■ What is needed ■
Once the line holding "Tarjeta De Agradecimiento" is found in the listing below, write it out and each later line exactly, up to and including the one holding "中・20センチは積もった雪を片付ける「家臣一」。".

■ Data to process ■
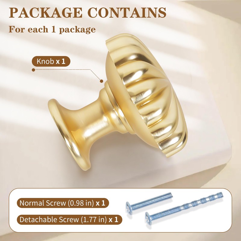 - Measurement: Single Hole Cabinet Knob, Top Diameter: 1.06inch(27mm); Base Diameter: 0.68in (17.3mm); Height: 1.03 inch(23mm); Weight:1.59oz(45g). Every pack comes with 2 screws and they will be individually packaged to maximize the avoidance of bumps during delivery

--

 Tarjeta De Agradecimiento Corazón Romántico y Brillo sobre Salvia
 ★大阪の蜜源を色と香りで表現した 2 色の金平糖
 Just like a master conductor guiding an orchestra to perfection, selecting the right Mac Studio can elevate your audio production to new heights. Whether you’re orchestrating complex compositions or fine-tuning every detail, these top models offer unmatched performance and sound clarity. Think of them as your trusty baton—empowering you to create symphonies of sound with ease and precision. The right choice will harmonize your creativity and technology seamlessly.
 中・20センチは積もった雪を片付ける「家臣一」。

■ Written solution ■
 Tarjeta De Agradecimiento Corazón Romántico y Brillo sobre Salvia
 ★大阪の蜜源を色と香りで表現した 2 色の金平糖
 Just like a master conductor guiding an orchestra to perfection, selecting the right Mac Studio can elevate your audio production to new heights. Whether you’re orchestrating complex compositions or fine-tuning every detail, these top models offer unmatched performance and sound clarity. Think of them as your trusty baton—empowering you to create symphonies of sound with ease and precision. The right choice will harmonize your creativity and technology seamlessly.
 中・20センチは積もった雪を片付ける「家臣一」。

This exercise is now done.